- Original film poster
- Directed by: Phil Karlson
- Screenplay by: DeVallon Scott Frank Nugent
- Based on: Leo Katcher (based upon a story by)
- Produced by: Lewis J. Rachmil
- Starring: Robert Francis Donna Reed May Wynn Philip Carey
- Cinematography: Charles Lawton Jr.
- Edited by: Henry Batista
- Music by: Paul Sawtell
- Color process: Technicolor
- Production company: Columbia Pictures
- Distributed by: Columbia Pictures
- Release dates: November 10, 1954 (Los Angeles); December 4, 1954 (United States);
- Running time: 84 minutes
- Country: United States
- Language: English

= They Rode West =

1954 film by Phil Karlson

They Rode West is a 1954 American Western film directed by Phil Karlson. It reunites two of the stars of The Caine Mutiny, Robert Francis and May Wynn. It also stars Donna Reed and Philip Carey. Based on the story Wood Hawk by Leo Katcher, it was filmed at the Corriganville movie ranch, using the same fort set that was built in 1948 for the John Ford film "Fort Apache."

==Plot==
Returning from a patrol, a well-liked officer of the 14th Cavalry is wounded in the leg by a renegade Kiowa's arrow. Brought back to the post, their incompetent surgeon kills him through a lack of knowledge of stopping bleeding. As the three previous post surgeons were an alcoholic, a drug addict and a surgeon whom the soldiers regarded as being a "butcher", a new surgeon is requested who is competent. Surgeon Lieutenant Seward arrives at the post with the wife of Colonel Waters, commanding the regiment, and his flirtatious niece Laurie.

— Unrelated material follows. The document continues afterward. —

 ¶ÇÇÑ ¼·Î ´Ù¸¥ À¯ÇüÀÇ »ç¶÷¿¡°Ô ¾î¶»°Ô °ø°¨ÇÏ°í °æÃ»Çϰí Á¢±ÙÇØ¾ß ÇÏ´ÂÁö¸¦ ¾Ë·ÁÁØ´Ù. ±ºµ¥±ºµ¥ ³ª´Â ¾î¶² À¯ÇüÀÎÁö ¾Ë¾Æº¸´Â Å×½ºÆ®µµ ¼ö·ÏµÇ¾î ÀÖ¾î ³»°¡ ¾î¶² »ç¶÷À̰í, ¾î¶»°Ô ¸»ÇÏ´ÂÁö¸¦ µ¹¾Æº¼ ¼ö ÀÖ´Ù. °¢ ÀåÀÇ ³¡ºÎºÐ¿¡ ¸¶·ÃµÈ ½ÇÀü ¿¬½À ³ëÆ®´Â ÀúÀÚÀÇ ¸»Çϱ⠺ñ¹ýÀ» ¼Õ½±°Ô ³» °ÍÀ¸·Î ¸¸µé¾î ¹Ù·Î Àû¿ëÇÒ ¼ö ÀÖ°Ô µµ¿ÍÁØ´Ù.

Waters and Captain Peter Blake are concerned with recovering ten stolen repeating rifles and preventing the so-far-peaceful Kiowa from leaving their reservation to join up with the warlike Comanche. Both treat the Kiowa roughly as enemies without concern for their welfare as government wards and human beings. Doctor Seward accompanies Blake to the reservation to recover the rifles and meets a white woman who has become Manyi-ten, and the tribal medicine man, Isatai, gaining compassion for the Kiowa. The woman's son has malaria; Blake tries to prevent Seward from treating him, but Seward does so anyway.

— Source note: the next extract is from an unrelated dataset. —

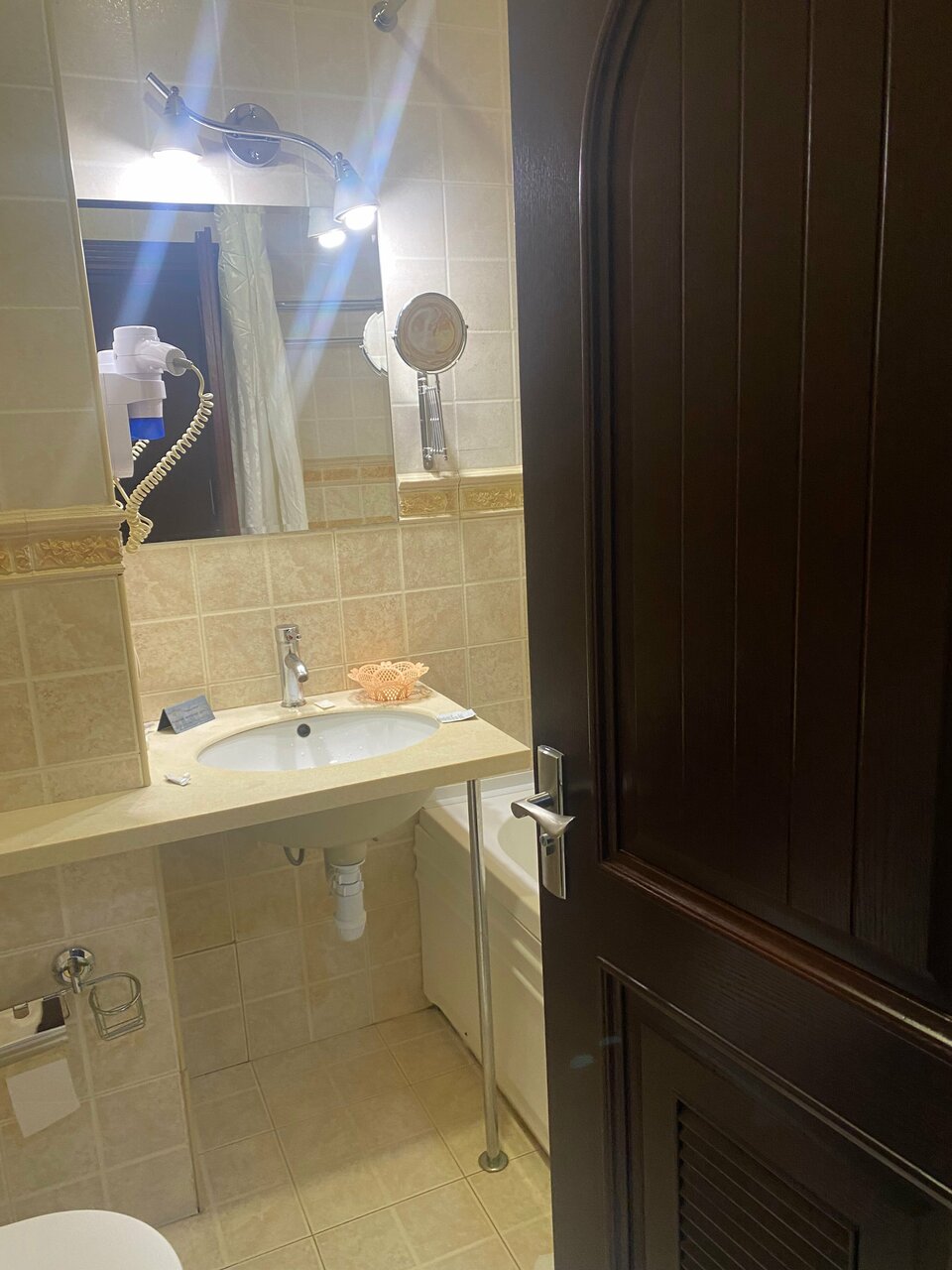 В отеле очень чисто. Персонал приветливый. В ванне нет работающих фенов, халатов, а также подставок для зубной щётки и пасты.

Seward tries to prevent an epidemic and suggests that the Kiowa move off their fetid reservation to the high country. An angry Colonel Waters at first places him under house arrest but then sends him on a combat patrol that is ambushed when the two tribes combine against them. With a number of troopers killed and wounded, the command turns on Seward as a "wood hawk" (traitor). Only Laurie, with a growing compassion for the Kiowa, remains loyal to Seward.

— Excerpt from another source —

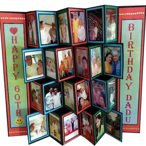 Render happy moments to your loved ones on their Birthday with this Amazing Zig Zag Card and frame it forever in your memory and heart. This Card is of 24 by 35 cm approx. Details Needed: We shall need 24 photos for making this product. Please send it to [email protected] with your Order Number; within 1 hour of placing the order Please Note: We need 4 to 5 working days to deliver this product

Manyi-ten brings warning of a combined attack on the fort by both the Comanche and Kiowa. The fort is besieged and half of the garrison comes down with malaria. Seward leaves the post to persuade Isatai into making peace but Blake follows in the dark to kill him as a traitor. Instead he shoots Spotted Wolf, the warrior son of Chief Satanta. Seward brings Spotted Wolf back to the fort to operate on him and possibly stop the war. Despite his enmity, the colonel acquiesces in the face of the threat of overwhelming attack. Seward saves Spotted Wolf's life and Satanta calls off the war. Colonel Waters, in turn, vows to do all he can to allow the Kiowa to continue to live peacefully in the high country.